Data block:
-- Opening Marker --

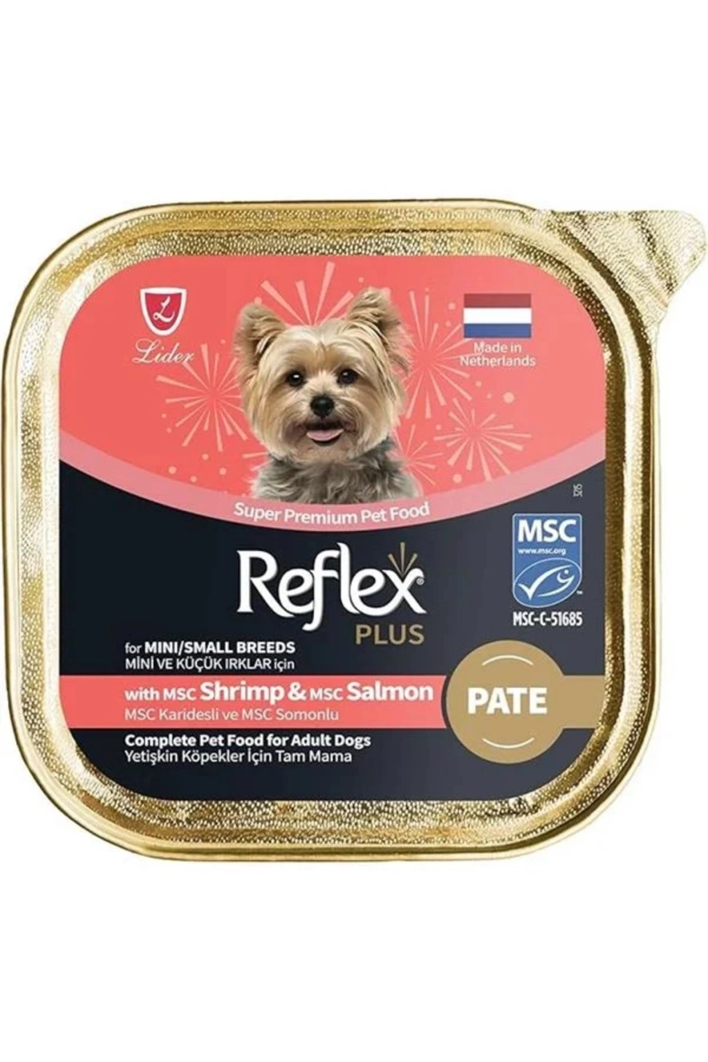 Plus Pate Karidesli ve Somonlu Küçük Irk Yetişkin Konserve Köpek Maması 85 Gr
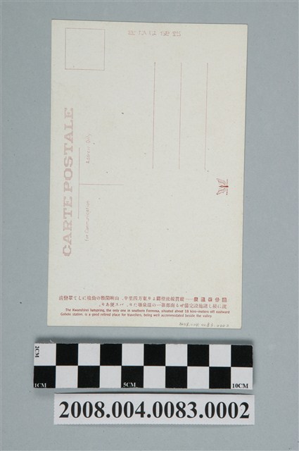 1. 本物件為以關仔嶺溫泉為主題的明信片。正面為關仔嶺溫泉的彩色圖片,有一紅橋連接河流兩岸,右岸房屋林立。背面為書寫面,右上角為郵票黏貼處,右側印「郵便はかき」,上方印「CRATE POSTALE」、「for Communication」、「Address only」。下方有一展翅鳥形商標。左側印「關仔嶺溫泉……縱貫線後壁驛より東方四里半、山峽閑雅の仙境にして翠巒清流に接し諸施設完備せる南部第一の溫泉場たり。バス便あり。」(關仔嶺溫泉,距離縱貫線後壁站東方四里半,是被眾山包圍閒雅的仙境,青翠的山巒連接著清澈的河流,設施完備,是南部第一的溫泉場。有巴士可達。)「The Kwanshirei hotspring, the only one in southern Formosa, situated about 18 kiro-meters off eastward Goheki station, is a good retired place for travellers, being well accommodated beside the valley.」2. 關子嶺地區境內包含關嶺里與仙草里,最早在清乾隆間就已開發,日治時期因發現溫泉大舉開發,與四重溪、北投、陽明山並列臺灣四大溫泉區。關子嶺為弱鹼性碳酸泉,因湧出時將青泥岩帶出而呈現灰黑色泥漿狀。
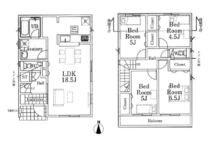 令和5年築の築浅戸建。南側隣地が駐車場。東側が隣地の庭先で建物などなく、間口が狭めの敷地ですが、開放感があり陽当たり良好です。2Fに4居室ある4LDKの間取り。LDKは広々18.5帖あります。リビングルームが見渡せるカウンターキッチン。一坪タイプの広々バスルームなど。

-- Closing Marker --

What you are asked to do:
The copy must match every line of the data exactly and contain no pictures.

Worked solution:
 Plus Pate Karidesli ve Somonlu Küçük Irk Yetişkin Konserve Köpek Maması 85 Gr
 1. 本物件為以關仔嶺溫泉為主題的明信片。正面為關仔嶺溫泉的彩色圖片,有一紅橋連接河流兩岸,右岸房屋林立。背面為書寫面,右上角為郵票黏貼處,右側印「郵便はかき」,上方印「CRATE POSTALE」、「for Communication」、「Address only」。下方有一展翅鳥形商標。左側印「關仔嶺溫泉……縱貫線後壁驛より東方四里半、山峽閑雅の仙境にして翠巒清流に接し諸施設完備せる南部第一の溫泉場たり。バス便あり。」(關仔嶺溫泉,距離縱貫線後壁站東方四里半,是被眾山包圍閒雅的仙境,青翠的山巒連接著清澈的河流,設施完備,是南部第一的溫泉場。有巴士可達。)「The Kwanshirei hotspring, the only one in southern Formosa, situated about 18 kiro-meters off eastward Goheki station, is a good retired place for travellers, being well accommodated beside the valley.」2. 關子嶺地區境內包含關嶺里與仙草里,最早在清乾隆間就已開發,日治時期因發現溫泉大舉開發,與四重溪、北投、陽明山並列臺灣四大溫泉區。關子嶺為弱鹼性碳酸泉,因湧出時將青泥岩帶出而呈現灰黑色泥漿狀。
 令和5年築の築浅戸建。南側隣地が駐車場。東側が隣地の庭先で建物などなく、間口が狭めの敷地ですが、開放感があり陽当たり良好です。2Fに4居室ある4LDKの間取り。LDKは広々18.5帖あります。リビングルームが見渡せるカウンターキッチン。一坪タイプの広々バスルームなど。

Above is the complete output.